Кажется, раньше я сходил с ума от замкнутого пространства, глаза мои умирали от голода, хотя тело давно уже не нуждалось в пище. Не знаю, почему. У меня нет имени, нет вопросов и не от кого дожидаться ответа.
Стучат колёса.
Что было раньше? Что было до того, как я попал сюда? Не помню. Никто не помнит. Наши разговоры похожи на плеск мутной воды -- а оттого всё реже звучит в вагоне человеческая речь. Всё тише и безмолвней силуэты, разбросанные по иссечённой тенями коробке.
Дрожит состав, поскрипывают переборки.
Был здесь один, который долго и истово молился, потом столь же истово метал небесам проклятия. Сейчас он молчит. Я даже не скажу, где он, среди иных, безликих. Здесь не видно лиц, только влажные, воспаленные глаза блестят, отражая тусклую лампу в стальной решётке.
Поезд замедляет ход. Останавливается. Ещё одна перекличка на безымянном полустанке, точно таком же, как и все предыдущие. Бессмысленная процедура в этом скорбном месте, но наши конвоиры отчётливо черны и уверены в себе. Их, похоже, не тяготит ни затянувшийся путь, ни скудный на цвета пейзаж. Они тоже безмолвны, но их желания просты и понятны нам безо всяких объяснений. И когда останавливается поезд, и открываются двери, мы выбираемся наружу, в вечное сумеречное и пасмурное утро и становимся двойной шеренгой. И из соседних вагонов выкарабкиваются такие же, как мы, и нам нет числа на длинной бетонной платформе, посреди залитой грязью долины.
Я, наверное, сохранил какие-то остатки разума. Потому что я не устаю терзаться вопросом, почему я здесь? Что мы все здесь делаем?
Это наказание? Если да, то за что? Есть ли смысл наказывать того, кто не помнит своей вины?
Это чья-то злая воля? Если так, то чья? По чьему повелению пролегли рельсы из бесконечности в бесконечность? По чьему приказу двинулись составы, набитые тем, что когда-то называло себя "людьми"?
Чёрные фигуры идут вдоль шеренг. Вглядываются в глаза. У них нет лиц, у этих чёрных фигур. Одна только глубокая тень, падающая от козырька фуражки. Нет знаков отличия на их незамысловатой униформе. И даже оружие их -- непроницаемо чёрные винтовки, угадываемые только по силуэту.
Идут конвоиры, смотрят в мутную воду наших глаз. А мы глядим в чёрную пустоту.
И снова -- стучат колёса.
И снова я мучительно, до боли в висках, до пульсирующего шума, пытаюсь вспомнить, кем я был раньше. Но моя память хранит только этот поезд, это небо и эту грязь.
Лишь однажды (было ли это на самом деле?), на очередном построении, мы видели в небе пылающую фигуру. Гигантского пламенеющего человека, летящего куда-то туда, откуда прибыл наш поезд.
Тогда нас загнали по вагонам раньше времени. И некоторое время поезд просто стоял на месте.
И видно было по глазам моих невольных попутчиков, как жадно впитывали они этот алый силуэт, как истосковались они по цвету, как безумно они желают прибыть к конечной станции, пусть в пылающий ад, пусть в бесконечное забвение -- куда угодно, лишь бы прочь от этого бесконечного повторения серого, серого, серого...
И теперь, когда я вспомнил, что это действительно было, почему-то мне стало ясно, что путь наш никогда не закончится. Что мы будем тащиться по этой степи вечно.
Вечно.
То есть -- всегда.
А это с лихвой превышает то, что можно себе вообразить.
И, значит, никогда ничто здесь не изменится. Мы не умрём. Мы не сможем убить себя. Мы не вырвемся, потому что нам некуда бежать.

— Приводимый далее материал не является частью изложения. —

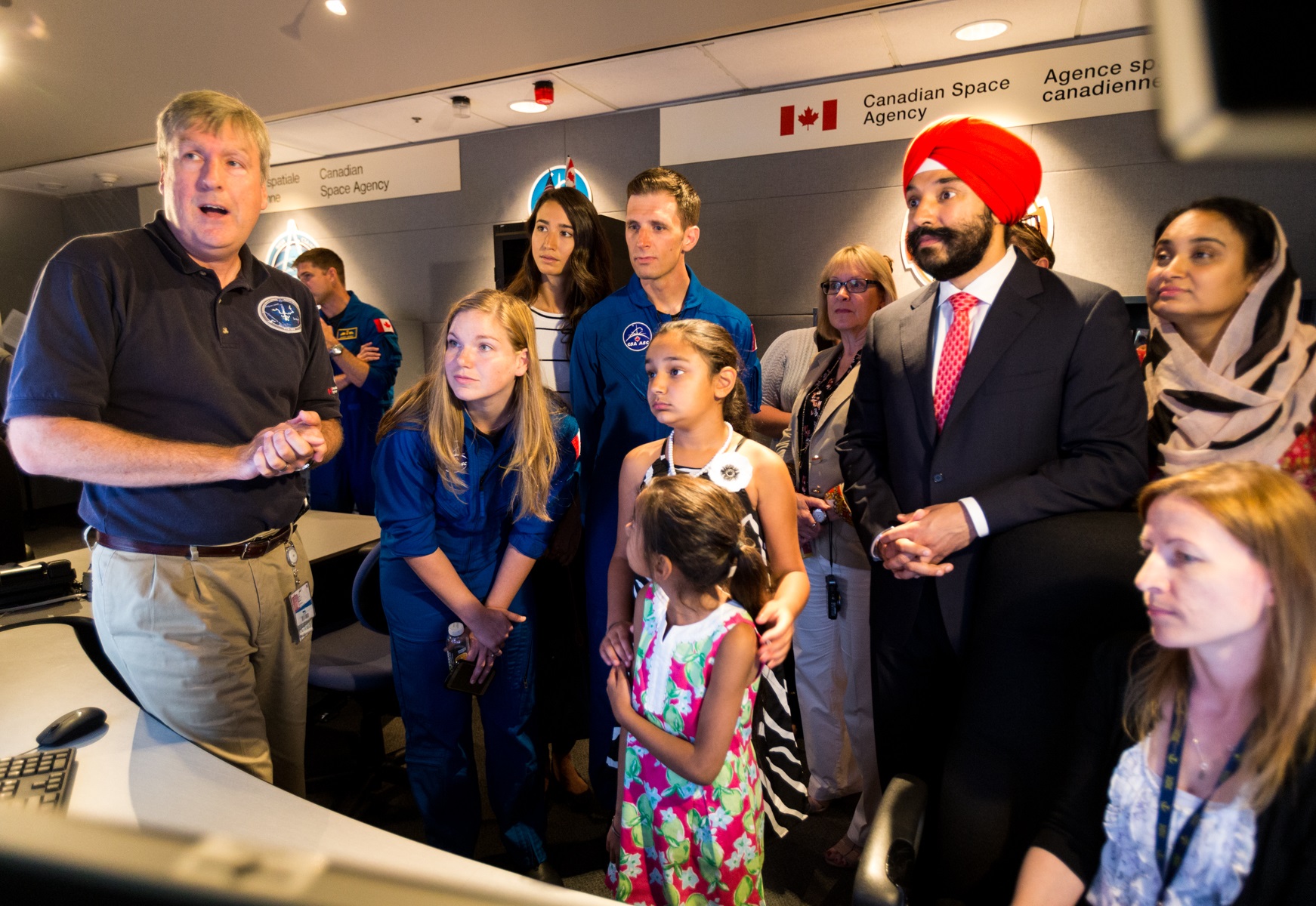 2017-07-04 - Canadian astronauts Jeremy Hansen, Joshua Kutryk and Jenni Sidey tour the Canadian Space Agency with the Honourable Navdeep Bains, Minister of Innovation, Science and Economic Development, and his family. (Credit: Canadian Space Agency)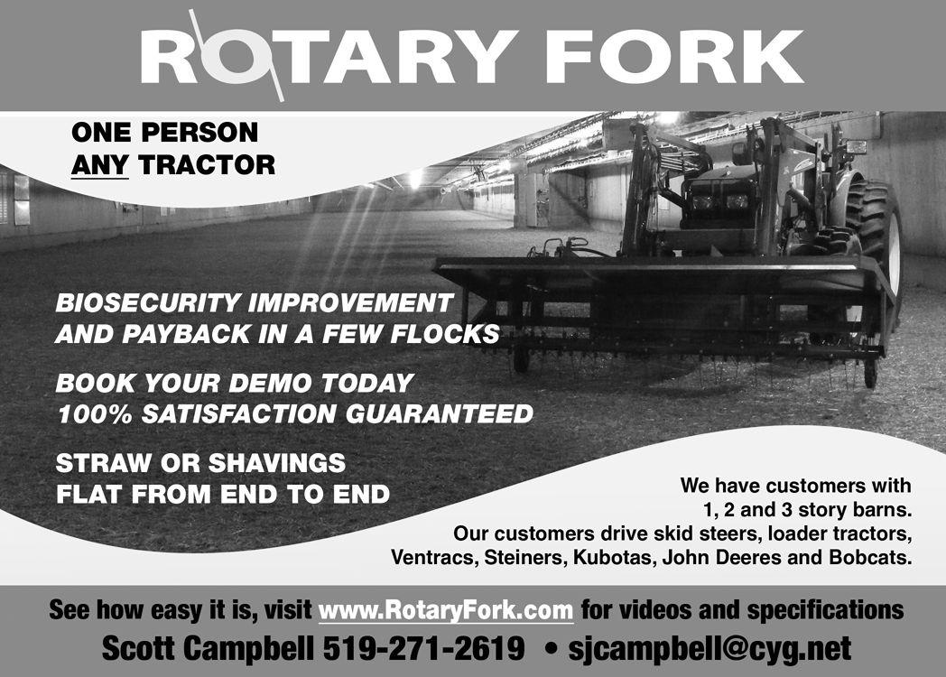 ROtARY FORk - The Rotary Fork is a quick attach shavings or straw spreader that attaches to almost any lawn mower, tractor or skid steer. Over 100 happy customers across Canada and the United States. See the videos on the website and call me, this will change the way you run your farm. Made in Canada by a chicken farmer for the Canadian poultry industry.

И если где-то там, вверху, то же, что и на земле, то, стало быть, и внизу, тоже должно быть то же самое. Извращённая проекция худшего, что может быть. Доля, которую мы сами себе выбрали.
Не потому, что кто-то хочет наказать нас за грехи или иные преступления. Не потому, что кому-то небезразлична наша участь. Просто в силу нашей природы, мы не смогли бы иметь иного посмертия.
И если где-то там, в той жизни, которую мы забыли, мы тащились изо дня в день, ведомые пустыми желаниями. Если в той жизни, мы не желали насытить своего разума, то здесь есть место и время для настоящего голода.
А потом, я, кажется, заснул.
И это был сон без сновидений, глубокий и радостный, потому что во сне я более ничего не видел и не слышал. В этом сне меня не было. В этом сне я был по-настоящему мёртв.
Проснулся я от толчка и, просыпаясь, осознал, что моё тело не касается земли. А потом меня впечатало во что-то мягкое и тёплое, а потом -- перевернуло, и снова швырнуло, но уже в другую сторону.
И тишина. Серое небо на месте двери. Перекосившийся вагон.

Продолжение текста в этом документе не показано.